DISCURSO DO PAPA JOÃO PAULO II
À XIII ASSEMBLEIA PLENÁRIA
DO PONTIFÍCIO CONSELHO PARA A FAMÍLIA
24 de Janeiro de 1997
Senhores Cardeais
Amados Irmãos no Episcopado
Caros Irmãos e Irmãs
1. Apraz-me acolher-vos e saudar-vos por ocasião da Assembleia Plenária do Pontifício Conselho para a Família. Agradeço ao Cardeal Presidente, Alfonso López Trujillo, as amáveis palavras, com as quais quis introduzir este encontro, que reveste uma grande importância. Com efeito, o tema das vossas reflexões — «A pastoral dos divorciados novamente casados» — está hoje no centro das atenções e preocupações da Igreja e dos Pastores que cuidam das almas, os quais não cessam de prodigalizar as suas atenções pastorais em relação a quantos sofrem por situações de dificuldade na própria família.

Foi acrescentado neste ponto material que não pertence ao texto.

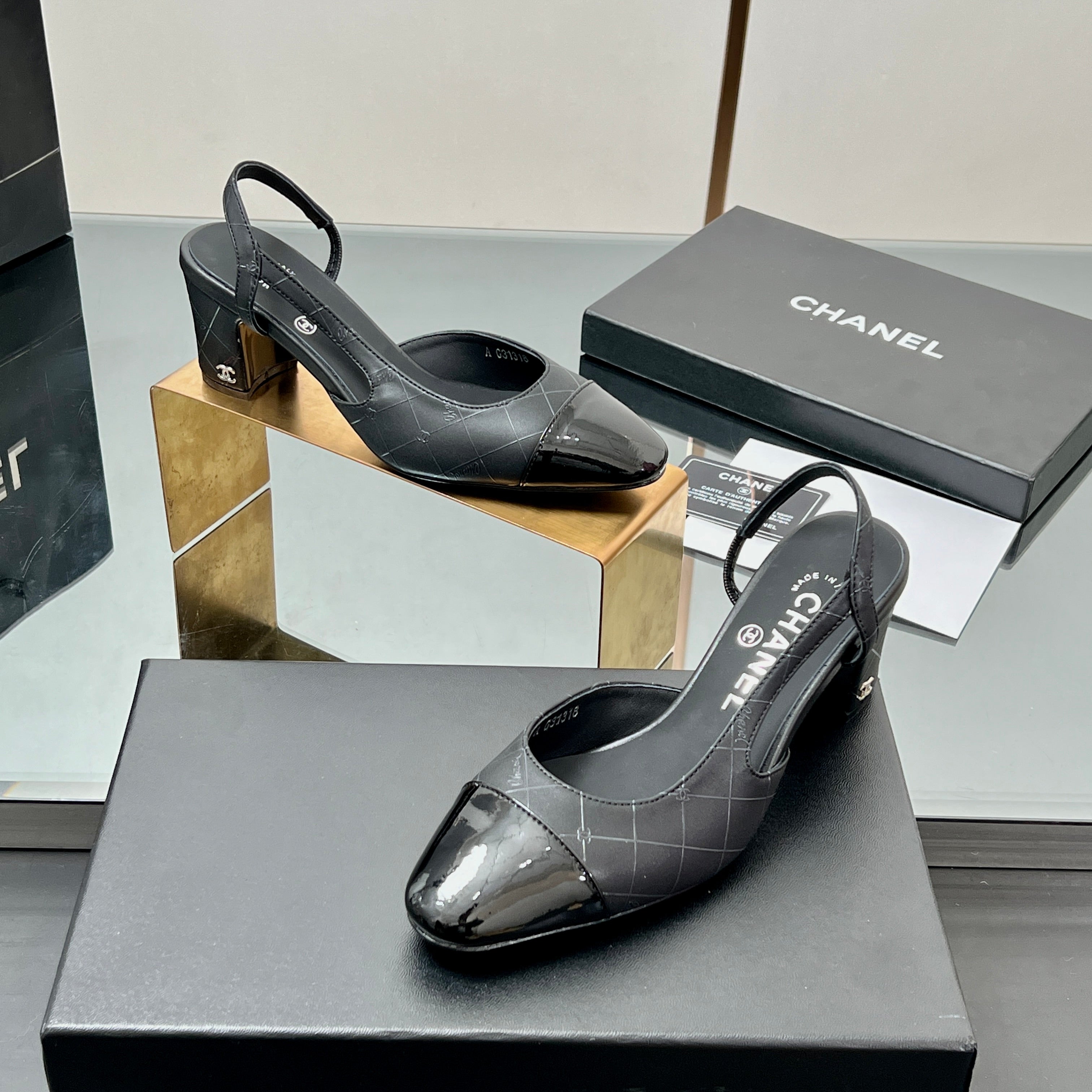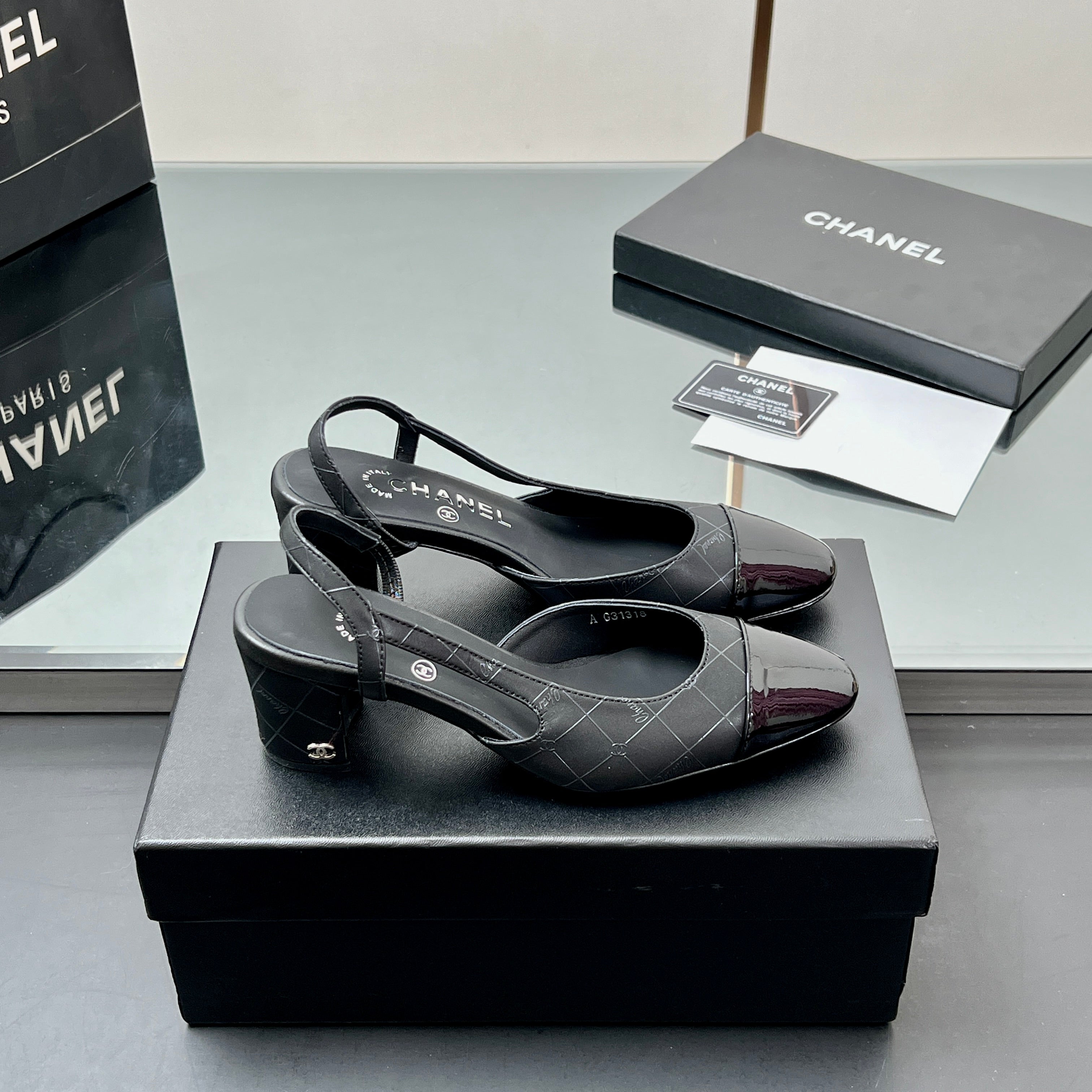 CC SLINGBACK 25S 65 MM IN BLACK LAMBSKIN WITH CHECK PATTERN
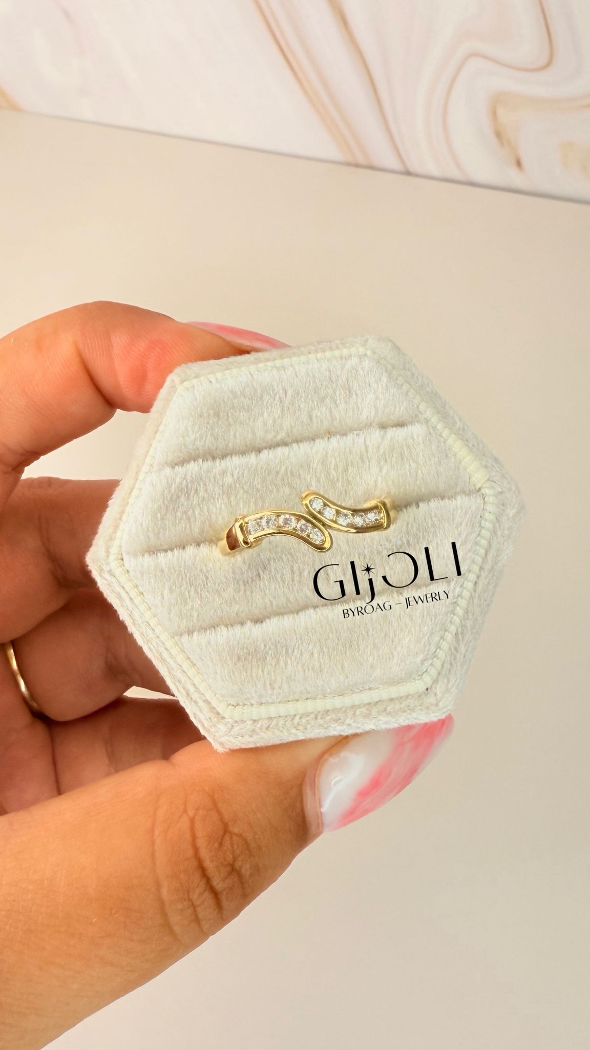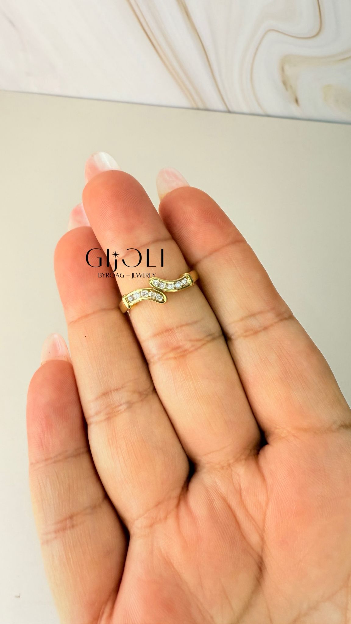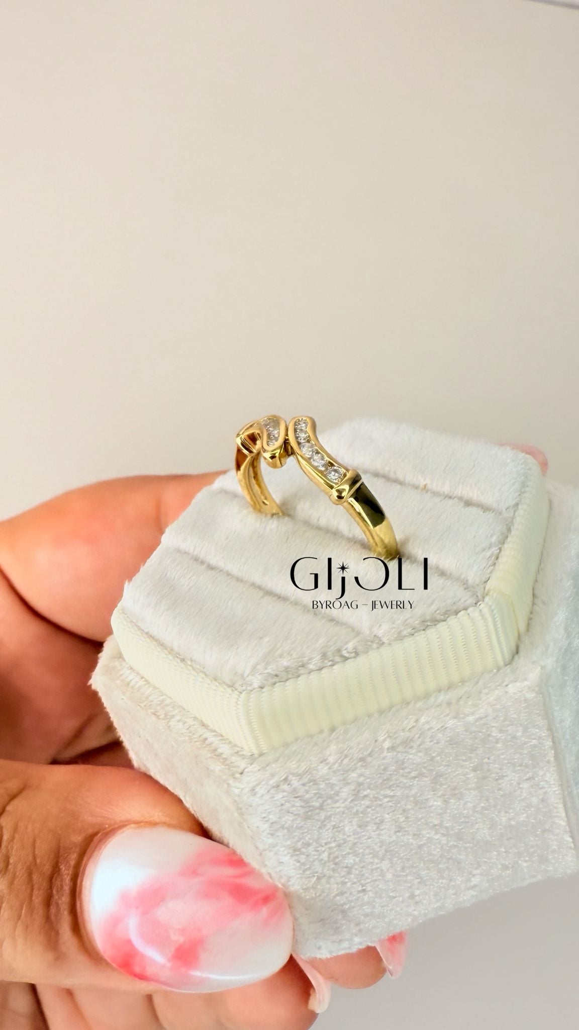 Sortija con detalles en zirconia de fantasía bañada con 3 capas de oro 14k

A Igreja não pode ficar indiferente diante deste problema doloroso, no qual estão implicados tantos dos seus filhos. Já na Exortação Apostólica Familiaris consortio eu reconhecia que, tratando-se duma chaga que afecta sempre mais largamente os ambientes católicos, «o problema deve ser enfrentado com urgência inadiável» (n. 84). A Igreja, Mãe e Mestra, procura o bem e a felicidade dos lares domésticos e quando estes, por algum motivo, são desagregados, ela sofre por esta causa e procura dar-lhe remédio, acompanhando pastoralmente estas pessoas, em plena fidelidade aos ensinamentos de Cristo.

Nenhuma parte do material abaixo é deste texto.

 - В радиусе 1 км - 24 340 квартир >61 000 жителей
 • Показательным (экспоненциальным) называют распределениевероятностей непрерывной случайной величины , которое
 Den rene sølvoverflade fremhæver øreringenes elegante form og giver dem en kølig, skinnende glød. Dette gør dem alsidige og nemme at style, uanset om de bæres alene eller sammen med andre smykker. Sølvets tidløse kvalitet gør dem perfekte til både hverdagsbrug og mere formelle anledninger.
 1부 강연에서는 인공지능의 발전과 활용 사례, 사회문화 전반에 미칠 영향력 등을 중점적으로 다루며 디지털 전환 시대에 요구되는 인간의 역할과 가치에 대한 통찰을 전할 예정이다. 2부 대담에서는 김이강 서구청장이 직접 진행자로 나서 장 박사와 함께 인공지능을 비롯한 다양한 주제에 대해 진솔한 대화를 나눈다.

2. O Sínodo dos Bispos de 1980 sobre a família tomou em consideração esta penosa situação, e indicou as linhas pastorais, oportunas para tais circunstâncias. Na Exortação Apostólica Familiaris consortio, referindo-me às reflexões dos Padres Sinodais, eu escrevia: «A Igreja, com efeito, instituída para conduzir à salvação todos os homens e sobretudo os baptizados, não pode abandonar aqueles que — unidos já pelo vínculo matrimonial sacramental — procuraram passar a novas núpcias. Por isso, esforçar-se-á infatigavelmente por oferecer- lhes os meios de salvação» (n. 84).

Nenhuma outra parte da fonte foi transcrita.